El mohismo, fundado por Mozi, predicaba el amor universal y condenaba la guerra ofensiva, desarrollando además una sofisticada lógica y tecnología defensiva. El legalismo, representado por Han Fei y Li Si, defendía el gobierno mediante leyes estrictas e impersonales, rechazando la moralidad confuciana como base del Estado. Los diplomáticos de la escuela de las Alianzas Verticales y Horizontales maniobraban entre las potencias, construyendo y destruyendo coaliciones. Esta efervescencia intelectual no tendría parangón en China hasta el siglo XX.
El triunfo de Qin y la unificación
Gradualmente, el estado de Qin fue imponiendo su superioridad. Su posición geográfica protegida por montañas, las reformas legalistas de Shang Yang, la construcción del canal de Dujiangyan que transformó la fértil llanura de Chengdu, y una sucesión de generales brillantes como Bai Qi y Wang Jian le dieron ventaja decisiva. Entre el 230 y el 221 a.C., Qin conquistó uno por uno los seis estados restantes: Han, Zhao, Wei, Chu, Yan y finalmente Qi.
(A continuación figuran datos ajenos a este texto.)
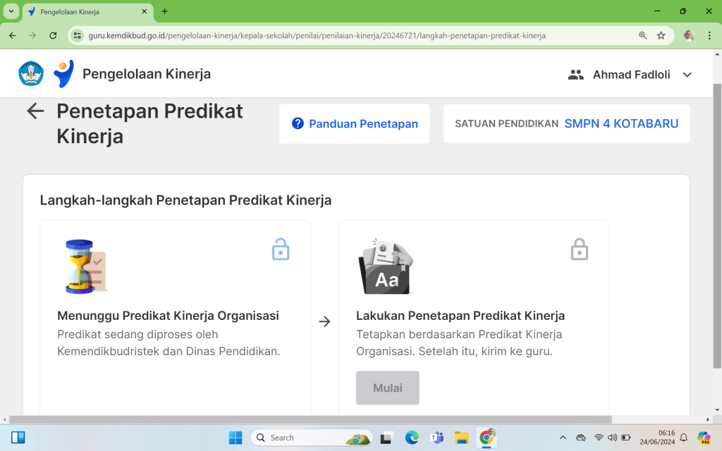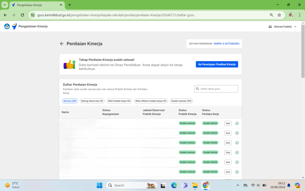 Setelah ini, masih ada satu tahapan lagi yaitu kepala sekolah melakukan penetapan predikat kinerja guru dan mengirimkannya ke guru yang dinilai berdasarkan predikat organisasi.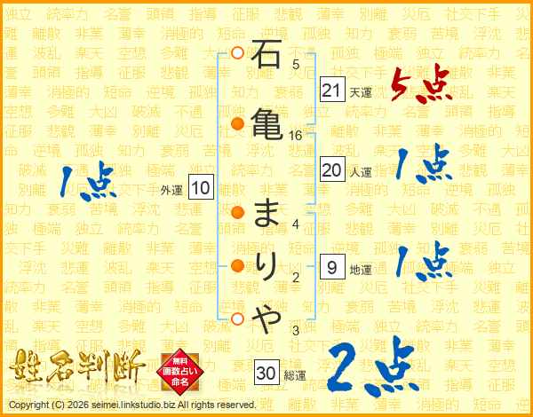 石亀まりやさんの天運は21画の5点!

En el 221 a.C., el rey Zheng de Qin se proclamó Qin Shi Huang, el Primer Emperador. El largo período de guerras había terminado, pero dejaba un legado duradero: la idea de que China debía ser un estado unificado, las bases de una burocracia centralizada, y una riqueza intelectual que influiría en el pensamiento asiático durante milenios. El Período de los Reinos Combatientes demostró que de la destrucción puede surgir la creación más trascendente.
El Período de los Reinos Combatientes abarcó aproximadamente del 475 al 221 a.C. Siguió al período de Primaveras y Otoños y terminó con la unificación de China bajo Qin Shi Huang. Es una de las eras más violentas pero también más creativas de la historia china.
Los siete estados principales eran Qin, Chu, Qi, Yan, Zhao, Wei y Han, conocidos como los Siete Reinos Combatientes. Cada uno poseía su propio ejército, burocracia, moneda y sistema legal, y competían por la hegemonía total sobre China.
Surgieron importantes innovaciones militares como la caballería, las ballestas, las armas de hierro y los ejércitos masivos de infantería. También fue una época dorada del pensamiento filosófico, con las Cien Escuelas incluyendo el confucianismo, el taoísmo, el legalismo y el mohismo.